↓↓↓
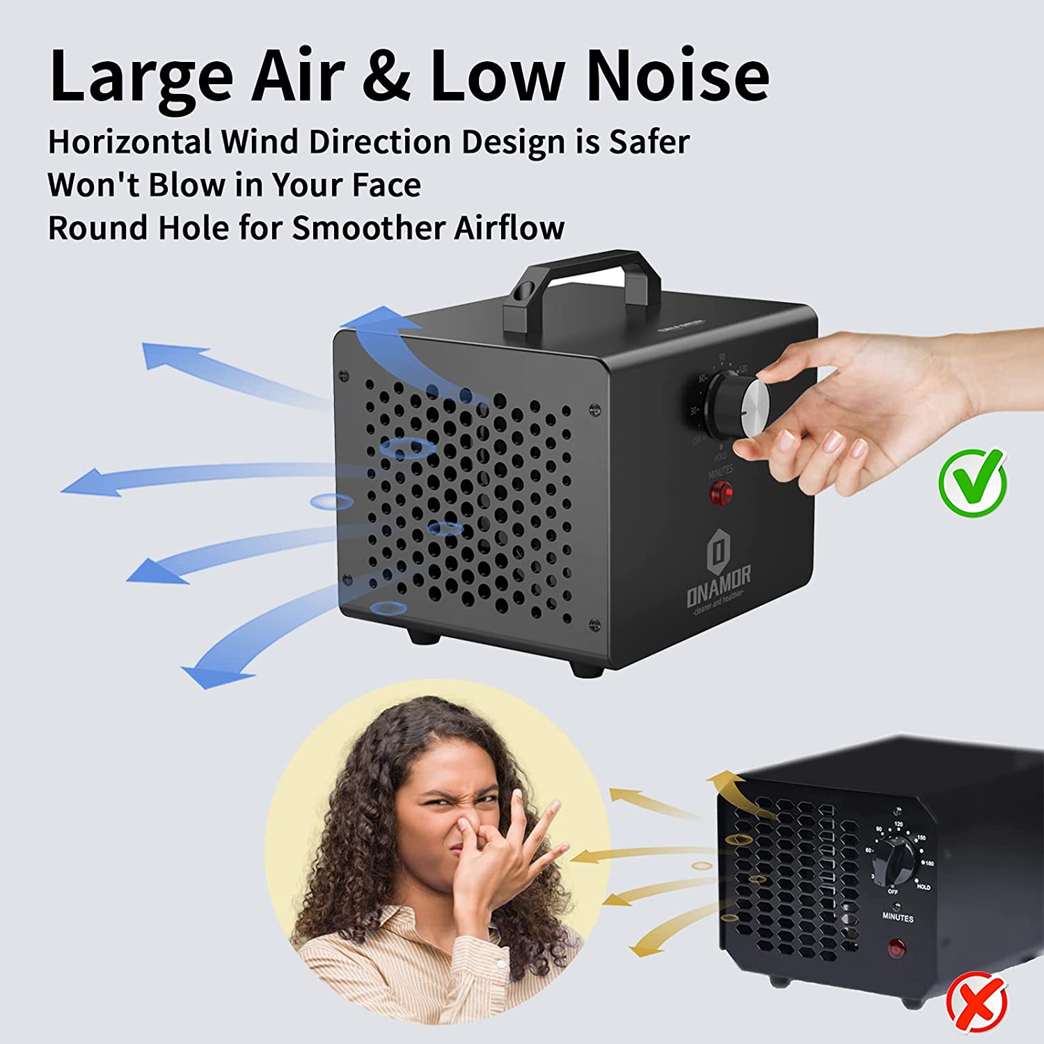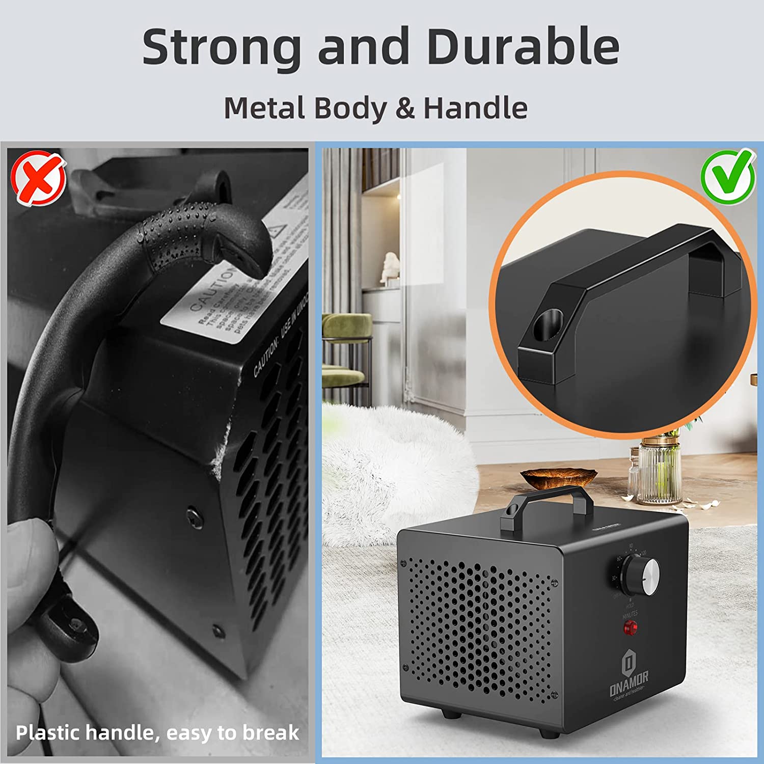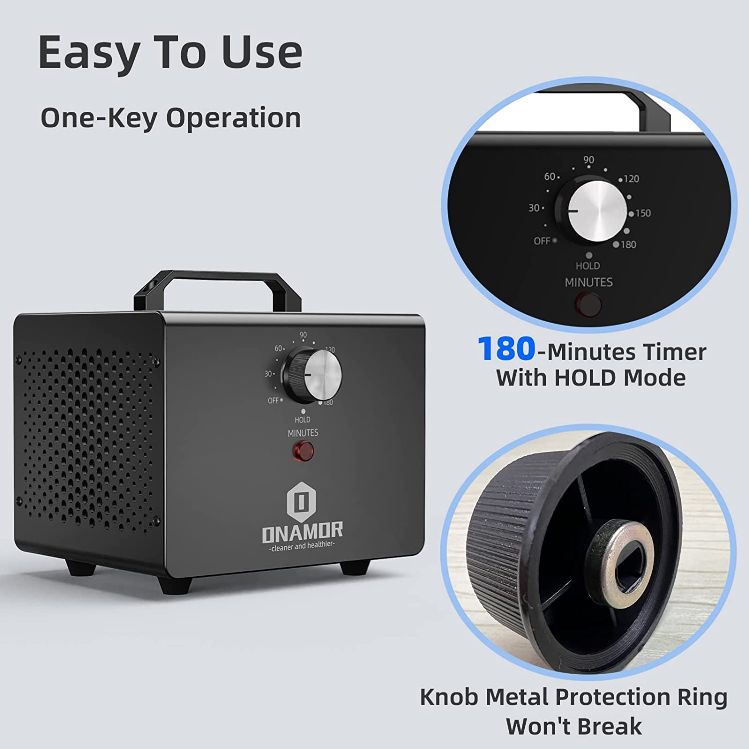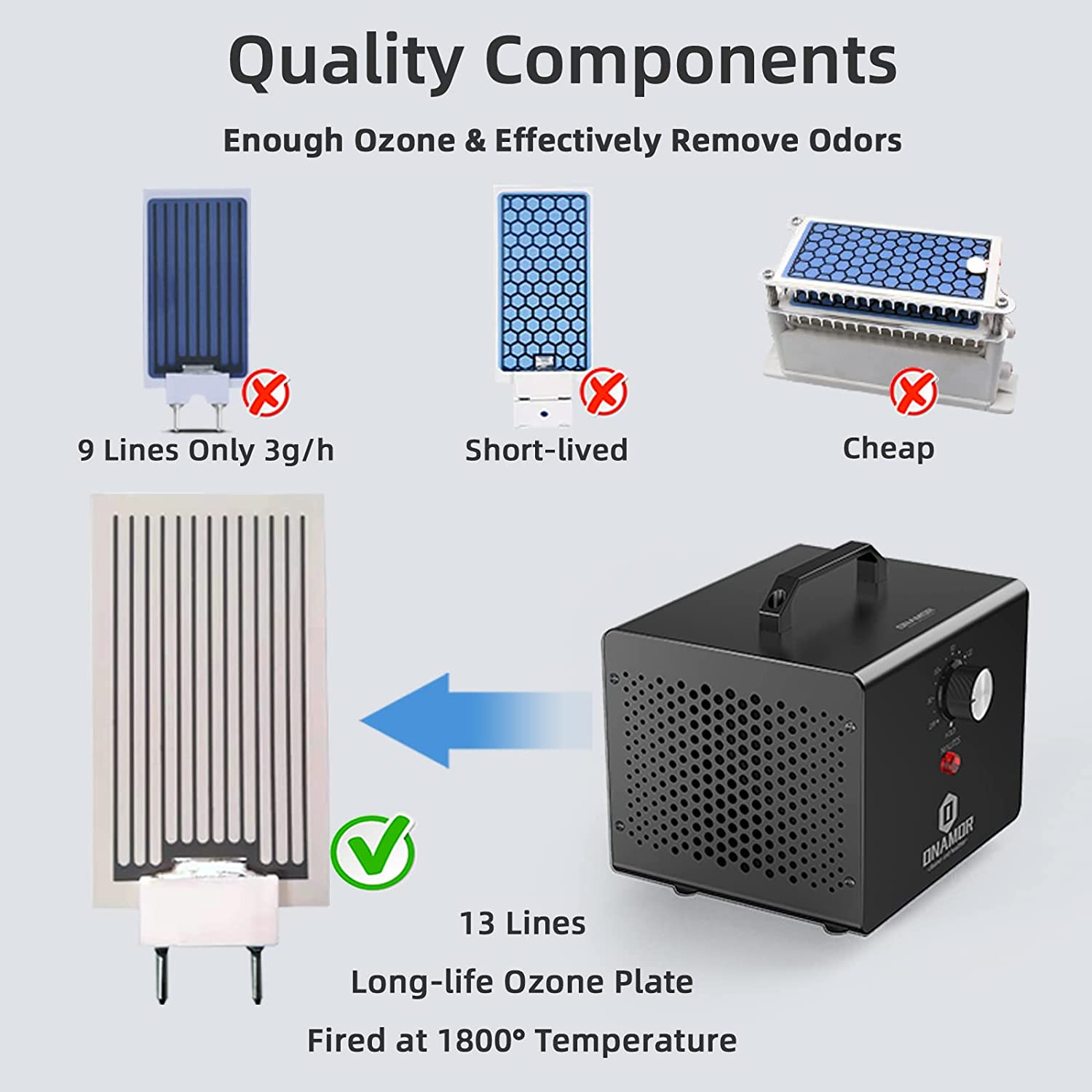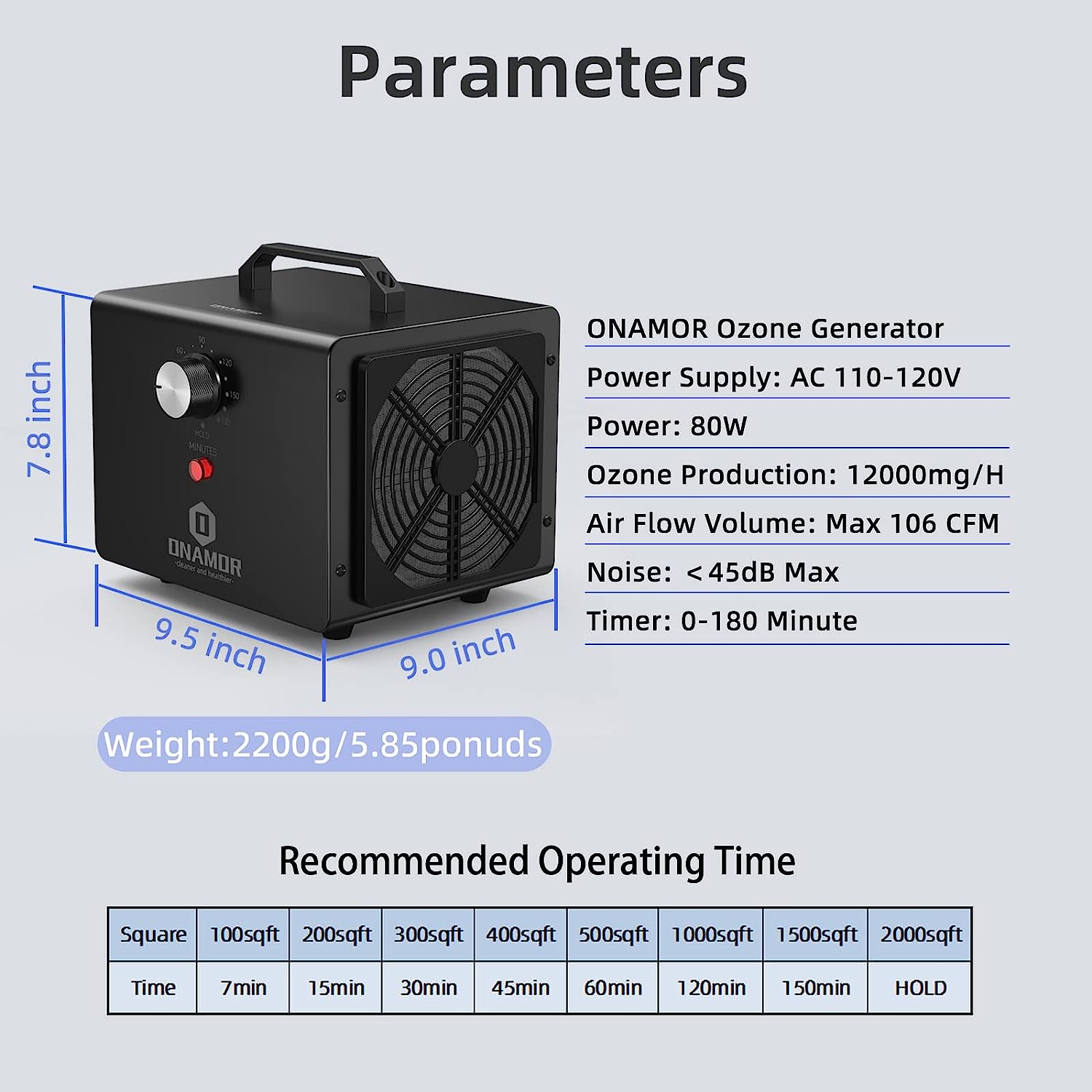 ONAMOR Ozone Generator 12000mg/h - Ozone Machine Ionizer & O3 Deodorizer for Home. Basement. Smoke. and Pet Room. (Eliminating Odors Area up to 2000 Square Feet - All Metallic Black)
↑↑↑
↓↓↓
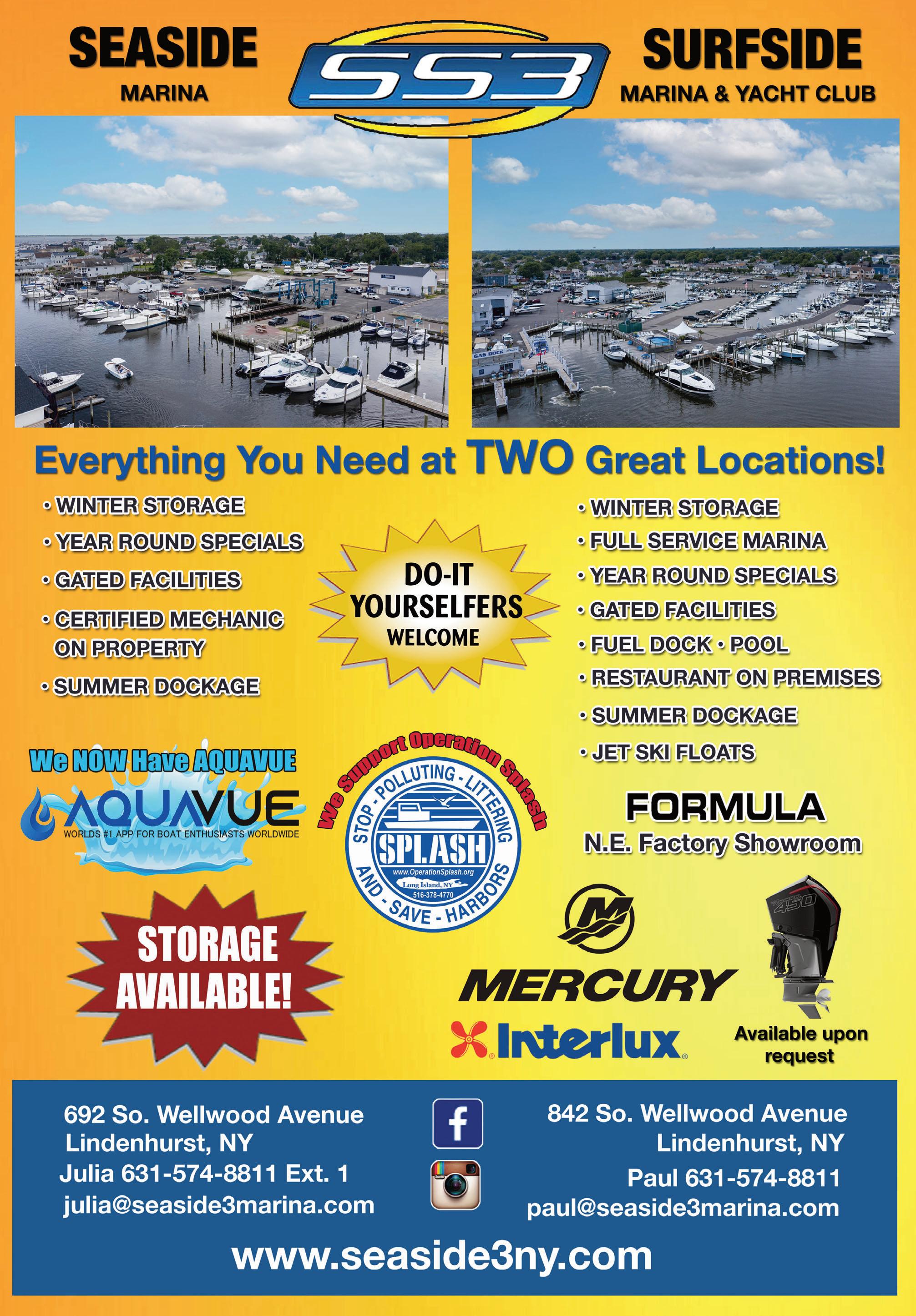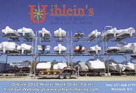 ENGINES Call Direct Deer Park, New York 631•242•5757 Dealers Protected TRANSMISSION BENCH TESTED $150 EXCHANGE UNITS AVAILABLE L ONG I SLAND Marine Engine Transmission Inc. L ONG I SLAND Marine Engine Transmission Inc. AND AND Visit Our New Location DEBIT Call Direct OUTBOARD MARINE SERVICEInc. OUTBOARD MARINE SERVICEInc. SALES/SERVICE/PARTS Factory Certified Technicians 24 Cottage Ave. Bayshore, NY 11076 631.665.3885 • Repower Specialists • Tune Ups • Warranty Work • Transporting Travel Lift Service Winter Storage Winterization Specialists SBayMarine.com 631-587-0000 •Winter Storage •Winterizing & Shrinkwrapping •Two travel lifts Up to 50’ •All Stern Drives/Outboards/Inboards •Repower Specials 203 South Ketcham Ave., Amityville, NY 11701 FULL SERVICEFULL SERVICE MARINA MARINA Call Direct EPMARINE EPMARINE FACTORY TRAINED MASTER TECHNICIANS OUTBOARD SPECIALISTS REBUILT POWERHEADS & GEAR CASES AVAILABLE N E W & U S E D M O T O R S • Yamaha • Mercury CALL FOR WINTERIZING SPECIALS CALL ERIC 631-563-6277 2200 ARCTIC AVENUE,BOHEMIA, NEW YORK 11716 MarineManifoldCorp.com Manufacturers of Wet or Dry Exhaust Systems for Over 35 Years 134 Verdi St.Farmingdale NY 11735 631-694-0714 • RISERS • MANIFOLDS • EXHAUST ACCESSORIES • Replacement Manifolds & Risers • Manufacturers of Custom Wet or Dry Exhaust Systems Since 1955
↑↑↑
↓↓↓
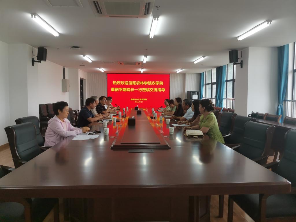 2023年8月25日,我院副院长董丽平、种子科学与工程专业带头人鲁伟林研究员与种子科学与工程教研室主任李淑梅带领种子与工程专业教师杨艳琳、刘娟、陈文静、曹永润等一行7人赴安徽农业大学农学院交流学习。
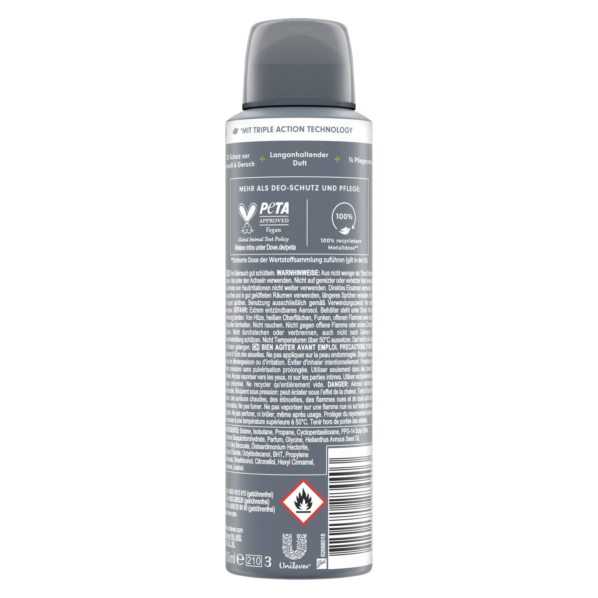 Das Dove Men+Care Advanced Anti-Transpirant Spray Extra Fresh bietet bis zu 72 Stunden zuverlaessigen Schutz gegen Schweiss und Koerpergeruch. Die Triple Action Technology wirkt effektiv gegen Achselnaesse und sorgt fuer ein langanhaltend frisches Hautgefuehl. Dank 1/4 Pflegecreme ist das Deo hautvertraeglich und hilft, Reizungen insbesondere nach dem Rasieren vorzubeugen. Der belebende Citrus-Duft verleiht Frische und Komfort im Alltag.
↑↑↑
[Your goal]: Please set down, exactly and with no pictures, the lines in the entries above starting at the one holding "2023年8月25日,我院副" and ending at the one holding "Das Dove Men+Care", ends included.

[Result of this task]:
 2023年8月25日,我院副院长董丽平、种子科学与工程专业带头人鲁伟林研究员与种子科学与工程教研室主任李淑梅带领种子与工程专业教师杨艳琳、刘娟、陈文静、曹永润等一行7人赴安徽农业大学农学院交流学习。
 Das Dove Men+Care Advanced Anti-Transpirant Spray Extra Fresh bietet bis zu 72 Stunden zuverlaessigen Schutz gegen Schweiss und Koerpergeruch. Die Triple Action Technology wirkt effektiv gegen Achselnaesse und sorgt fuer ein langanhaltend frisches Hautgefuehl. Dank 1/4 Pflegecreme ist das Deo hautvertraeglich und hilft, Reizungen insbesondere nach dem Rasieren vorzubeugen. Der belebende Citrus-Duft verleiht Frische und Komfort im Alltag.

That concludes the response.